RECORDED DATA:
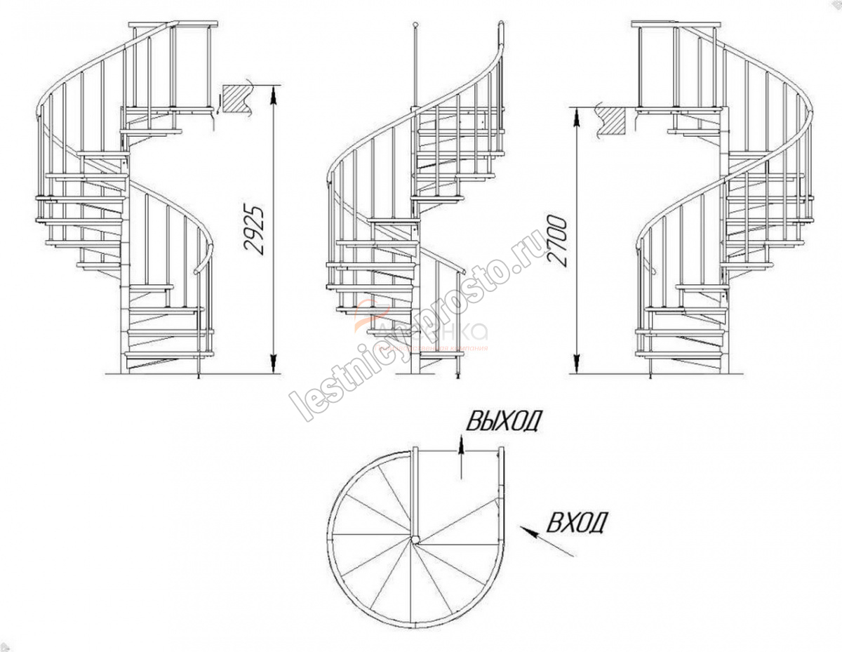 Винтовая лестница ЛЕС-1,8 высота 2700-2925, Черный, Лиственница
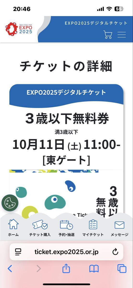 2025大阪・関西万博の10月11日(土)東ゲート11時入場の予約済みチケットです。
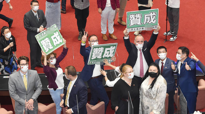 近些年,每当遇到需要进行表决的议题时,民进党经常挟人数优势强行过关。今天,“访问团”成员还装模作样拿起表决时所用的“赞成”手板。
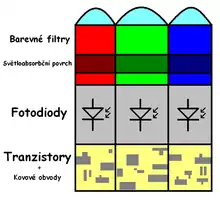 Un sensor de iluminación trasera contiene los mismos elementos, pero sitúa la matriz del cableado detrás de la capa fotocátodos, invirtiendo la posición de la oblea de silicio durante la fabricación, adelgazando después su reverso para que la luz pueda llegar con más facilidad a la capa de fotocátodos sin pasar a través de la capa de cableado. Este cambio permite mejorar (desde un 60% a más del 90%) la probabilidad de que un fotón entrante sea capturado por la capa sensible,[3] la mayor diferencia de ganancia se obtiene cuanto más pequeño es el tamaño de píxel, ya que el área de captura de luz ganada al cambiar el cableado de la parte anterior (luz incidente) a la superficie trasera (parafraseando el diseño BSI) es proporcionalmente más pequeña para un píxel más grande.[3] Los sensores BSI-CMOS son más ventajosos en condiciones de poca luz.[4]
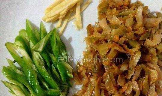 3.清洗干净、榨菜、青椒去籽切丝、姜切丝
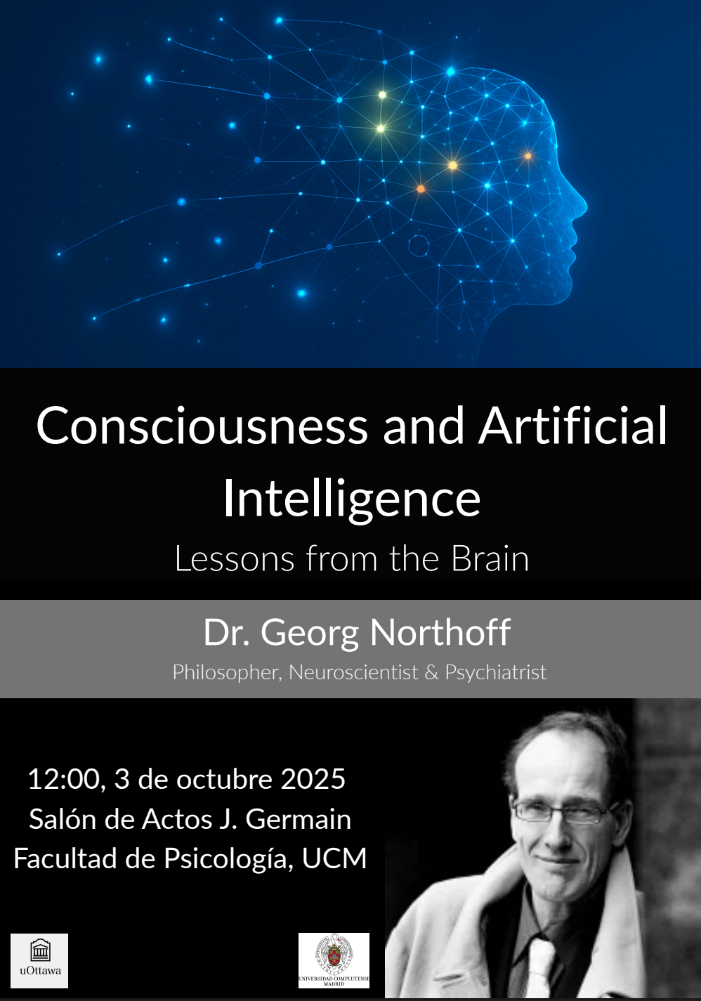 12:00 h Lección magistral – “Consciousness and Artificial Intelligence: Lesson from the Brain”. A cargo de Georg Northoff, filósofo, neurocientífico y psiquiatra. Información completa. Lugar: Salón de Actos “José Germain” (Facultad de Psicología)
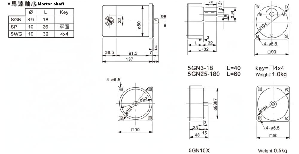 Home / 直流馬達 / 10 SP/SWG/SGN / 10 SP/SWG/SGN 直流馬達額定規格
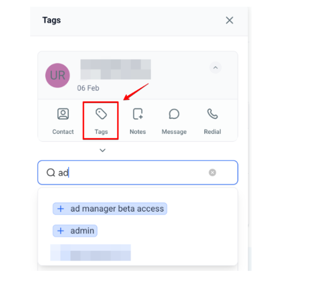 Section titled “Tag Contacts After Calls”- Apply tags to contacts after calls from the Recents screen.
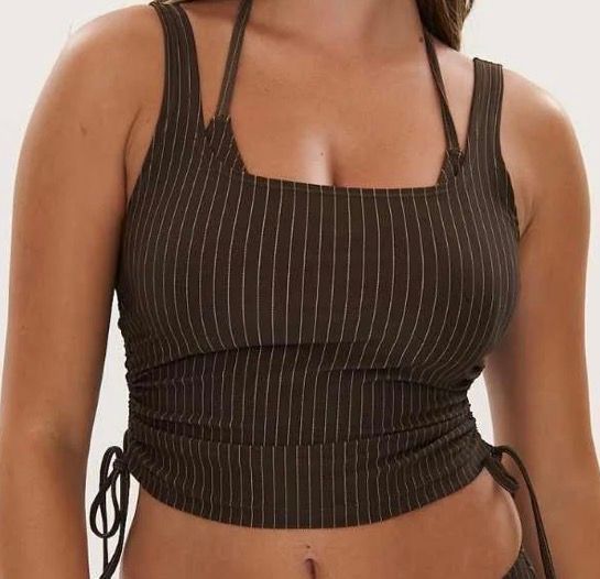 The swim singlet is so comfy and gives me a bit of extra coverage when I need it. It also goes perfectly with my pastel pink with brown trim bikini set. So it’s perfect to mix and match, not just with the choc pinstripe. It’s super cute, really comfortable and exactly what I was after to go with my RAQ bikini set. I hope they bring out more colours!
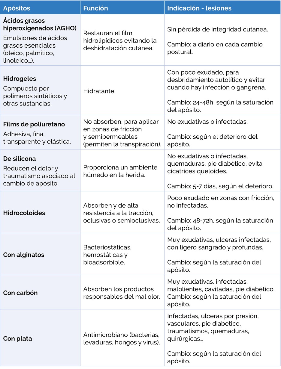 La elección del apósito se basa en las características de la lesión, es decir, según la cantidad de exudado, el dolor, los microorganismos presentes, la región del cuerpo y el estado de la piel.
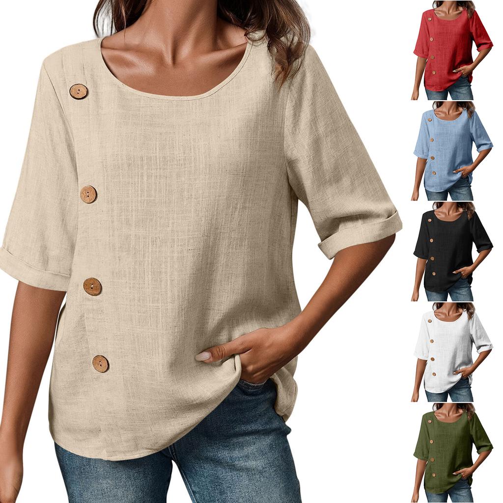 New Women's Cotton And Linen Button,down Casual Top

WORK REQUEST: Each entry above must be restated word for word; the pictures stay out of the copy.

REPLY:
 Винтовая лестница ЛЕС-1,8 высота 2700-2925, Черный, Лиственница
 2025大阪・関西万博の10月11日(土)東ゲート11時入場の予約済みチケットです。
 近些年,每当遇到需要进行表决的议题时,民进党经常挟人数优势强行过关。今天,“访问团”成员还装模作样拿起表决时所用的“赞成”手板。
 Un sensor de iluminación trasera contiene los mismos elementos, pero sitúa la matriz del cableado detrás de la capa fotocátodos, invirtiendo la posición de la oblea de silicio durante la fabricación, adelgazando después su reverso para que la luz pueda llegar con más facilidad a la capa de fotocátodos sin pasar a través de la capa de cableado. Este cambio permite mejorar (desde un 60% a más del 90%) la probabilidad de que un fotón entrante sea capturado por la capa sensible,[3] la mayor diferencia de ganancia se obtiene cuanto más pequeño es el tamaño de píxel, ya que el área de captura de luz ganada al cambiar el cableado de la parte anterior (luz incidente) a la superficie trasera (parafraseando el diseño BSI) es proporcionalmente más pequeña para un píxel más grande.[3] Los sensores BSI-CMOS son más ventajosos en condiciones de poca luz.[4]
 3.清洗干净、榨菜、青椒去籽切丝、姜切丝
 12:00 h Lección magistral – “Consciousness and Artificial Intelligence: Lesson from the Brain”. A cargo de Georg Northoff, filósofo, neurocientífico y psiquiatra. Información completa. Lugar: Salón de Actos “José Germain” (Facultad de Psicología)
 Home / 直流馬達 / 10 SP/SWG/SGN / 10 SP/SWG/SGN 直流馬達額定規格
 Section titled “Tag Contacts After Calls”- Apply tags to contacts after calls from the Recents screen.
 The swim singlet is so comfy and gives me a bit of extra coverage when I need it. It also goes perfectly with my pastel pink with brown trim bikini set. So it’s perfect to mix and match, not just with the choc pinstripe. It’s super cute, really comfortable and exactly what I was after to go with my RAQ bikini set. I hope they bring out more colours!
 La elección del apósito se basa en las características de la lesión, es decir, según la cantidad de exudado, el dolor, los microorganismos presentes, la región del cuerpo y el estado de la piel.
 New Women's Cotton And Linen Button,down Casual Top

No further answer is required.